The darkness had lifted—not all at once, but in layers, like fog burning off under unseen sun. Joel could see the countless faces around him now: thousands suspended in the void, men and women of every age, every corner of the earth, their eyes wide with the same stunned recognition. He could hear them too—breaths catching, murmurs rising like steam, the soft rustle of clothing that no longer existed on bodies that no longer obeyed physical law.
Yet one thing remained stubbornly absent: sensation. No weight to his limbs, no chill against skin he couldn't truly feel, no ache from old scars or the fresh memory of a bullet. His body was here, or the echo of it, but touch had been stripped away. The realization flickered, then faded beneath the sheer scale of the crowd. Thousands. Maybe more. All of them staring at the small, six-winged being hovering at the center—Tiffsili—whose lotus-colored eyes swept over them with patient, unreadable calm.
The creature waited in silence, wings folded in quiet reverence, small bright horns catching faint glimmers from nowhere.
Then a woman's voice cut through the hush—clear, steady, the first to dare.
"Who or what are you?" she asked. "And why am… sorry—why are we here?"
Tiffsili lowered its gaze to her. For twenty long seconds it simply looked, the silence thickening until it felt like pressure against the ears. Then it smiled—warm, almost tender—and spoke, the words arriving directly in every mind.
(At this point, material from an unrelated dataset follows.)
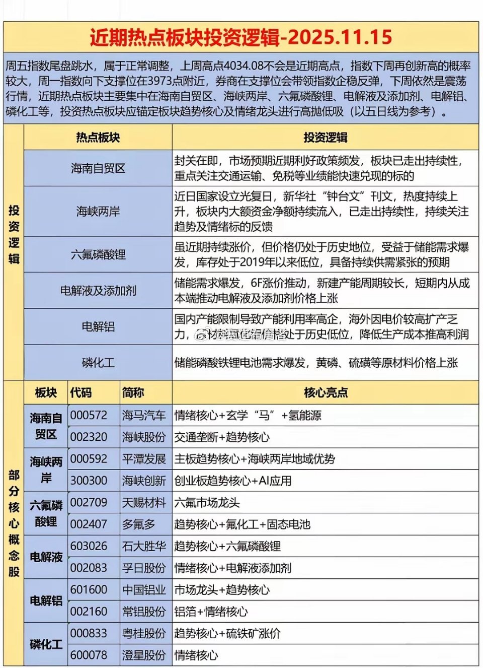下周热点板块前瞻:5大赛道+20支核心标的,震荡行情下的机会梳理上周五指数尾盘跳水属于短期正常调整,结合市场情绪与基本面逻辑,下周大概率维持震荡格局,且有望突破前期高点,券商板块或在支撑位发力领涨企稳。当前市场热点聚焦五大方向:海南自贸区(封关政策预期催化)、海峡两岸(政策热度持续升温)、六氟磷酸锂/电解液(储能需求爆发)、电解铝(产能约束+成本优势)、磷化工(储能电池需求拉动),操作策略可锚定板块趋势核心与情绪龙头,以五日线作为关键参考,灵活把握高低切换节奏。一、海南自贸区(封关政策预期主线)1. 海马汽车:板块情绪核心标的,叠加氢能源概念与市场“马”字玄学热度,深度绑定海南封关政策预期,短期资金关注度拉满,属于情绪带动型标的,操作需紧跟市场情绪节奏,快进快出为宜。2. 海峡股份:板块趋势核心+交通垄断标的,业务聚焦海南区域交通物流,封关后区域人员、货物流通需求将显著提升,公司业务具备区域独占性,业绩兑现逻辑清晰,是板块内偏稳健的趋势型选择。3. 海南高速:基建属性核心标的,主营海南区域交通基建与地产开发,封关落地后区域基建扩容需求明确,业务与自贸区发展协同性强,短期受政策预期催化,关注度持续攀升。4. 海南橡胶:资源型稀缺标的,国内唯一覆盖全产业链的天然橡胶企业,手握海南天然橡胶核心资源,具备独占性优势,封关后有望受益于农业产业政策倾斜,是板块内农业属性的稳健标的。二、海峡两岸(政策热度主线)1. 平潭发展:主板趋势核心标的,依托平潭地域优势,叠加近期板块热度与大额资金流入,业务涉及林业领域,短期受政策预期与市场情绪双重催化,是板块内核心趋势龙头之一。2. 海峡创新:创业板趋势核心标的,叠加AI应用概念,借助板块热度与AI赛道形成联动吸金效应,科技属性突出,情绪反馈速度快,更适配创业板资金偏好,弹性优势显著。3. 厦门港务:物流属性趋势标的,依托厦门港口核心区位优势,业务覆盖港口物流与贸易,两岸经贸热度升温将直接带动物流需求增长,具备实际业务支撑,属于板块内稳健型趋势标的。4. 漳州发展:地域型关联标的,扎根漳州核心区域,业务覆盖基建、水务等民生领域,深度绑定两岸区域发展进程,受政策催化明显,是板块内偏稳健的情绪联动型标的。三、六氟磷酸锂(储能需求主线)1. 天赐材料:行业龙头+业绩趋势双核心,覆盖六氟磷酸锂全产业链,当前产品价格虽处历史低位,但储能需求爆发带动供需紧张预期升温,业绩增长确定性强,是板块内核心标杆标的。2. 多氟多:板块趋势核心标的,布局氟化工与固态电池双赛道,既享受六氟磷酸锂涨价红利,又具备固态电池长期成长预期,业务多元化布局有效对冲周期波动,属于成长型优质标的。3. 天际股份:中小市值弹性标的,具备规模化六氟磷酸锂产能,业绩弹性与产品价格联动性强,受益于储能需求驱动的产品涨价周期,是板块内高波动、高弹性的短线标的。四、电解液(储能需求+成本传导主线)1. 石大胜华:板块趋势核心标的,深度绑定六氟磷酸锂产业链,储能需求增长叠加六氟涨价推动电解液价格上行,且新建产能周期较长支撑短期供需紧张格局,业绩弹性明确。2. 孚日股份:情绪核心标的,蹭电解液添加剂概念与板块热度联动,虽非主营业务,但情绪关联度高,波动幅度较大,适配短线资金快进快出的操作需求。3. 新宙邦:技术型趋势龙头,覆盖电解液及添加剂全产业链,技术壁垒高,业务布局全球化,既受益于储能需求扩容,又享受成本端传导带来的盈利提升,成长确定性强。五、电解铝(产能约束+成本优势主线)1. 中国铝业:行业龙头+权重型趋势标的,国内电解铝产能受限推高行业利用率,叠加海外扩产乏力、氧化铝价格低位运行降低成本,业绩与利润弹性充足,资金承接力强,是板块核心支柱。2. 常铝股份:情绪核心标的,叠加铝箔业务布局,借助行业成本优势与板块热度吸引短期资金,属于情绪带动型标的,波动较大,适合短线操作。3. 云铝股份:区域型趋势龙头,手握云南水电铝产能优势,受益于国内产能限制与氧化铝低价红利,成本优势与规模优势兼具,业绩利润弹性显著,是板块内优质趋势标的。六、磷化工(储能电池需求主线)1. 粤桂股份:板块趋势核心标的,受益于储能磷酸铁锂需求爆发,黄磷、硫磺等原材料涨价直接推动业绩增长,覆盖磷化工全链条,业绩弹性突出。2. 澄星股份:情绪核心标的,聚焦磷化工上游环节,借助板块热度与原材料涨价预期走情绪行情,走势紧密跟随板块情绪节奏,是短线情绪联动标的。3. 兴发集团:全产业链权重龙头,覆盖磷矿、黄磷、磷酸全环节,业务协同性强且技术壁垒高,受益于储能磷酸铁锂需求驱动的原材料涨价,兼具业绩确定性与长期成长性。其余核心标的补充- 海南自贸区:无新增标的(上述4支已覆盖核心逻辑)- 海峡两岸:无新增标的(上述4支已覆盖核心逻辑)- 六氟磷酸锂/电解液:无新增标的(上述6支已覆盖龙头、弹性、技术型标的)- 电解铝:无新增标的(上述3支已覆盖龙头、区域龙头、情绪标的)- 磷化工:无新增标的(上述3支已覆盖权重龙头、趋势核心、情绪核心)总结本次梳理的20支标的均为当前五大热点板块的情绪核心或趋势龙头,核心逻辑围绕两大主线展开:一是政策预期驱动(海南自贸区、海峡两岸),二是行业供需缺口(六氟磷酸锂、电解液、电解铝、磷化工)。短期标的弹性强、资

"I am an angel tasked with informing you of your current role in the world. I commend you for speaking up, even at the sight of me." Its voice carried no mockery, only quiet approval. "As for your second question… I will answer with a riddle."
The being paused, letting the words settle before reciting:
"I am the tuition paid for every wisdom you gain,
The shadow that proves the light is not in vain.
You spend your life building walls to keep me out,
Yet I am the very ground you walk about.
I am the debt you pay simply to breathe,
The only promise life will never leave.
If you ask the universe the reason you appear,
I am the only truth it whispers in your ear."
The darkness grew quieter still. Minds churned, grasping at the edges of meaning, discomfort spreading like ripples. Death? Suffering? Mortality itself? The riddle hung unanswered, heavy and inescapable.
The woman tried again, voice smaller now. "When will we leave?"
"Soon," Tiffsili replied.
"How soon is soon?"
"WHEN YOU GROW."
The words landed like a door slamming. Confusion rippled outward. The woman fell silent, shoulders drawing inward as if accepting something she could not yet name. Tiffsili's tone had sharpened—just a fraction—but enough to warn.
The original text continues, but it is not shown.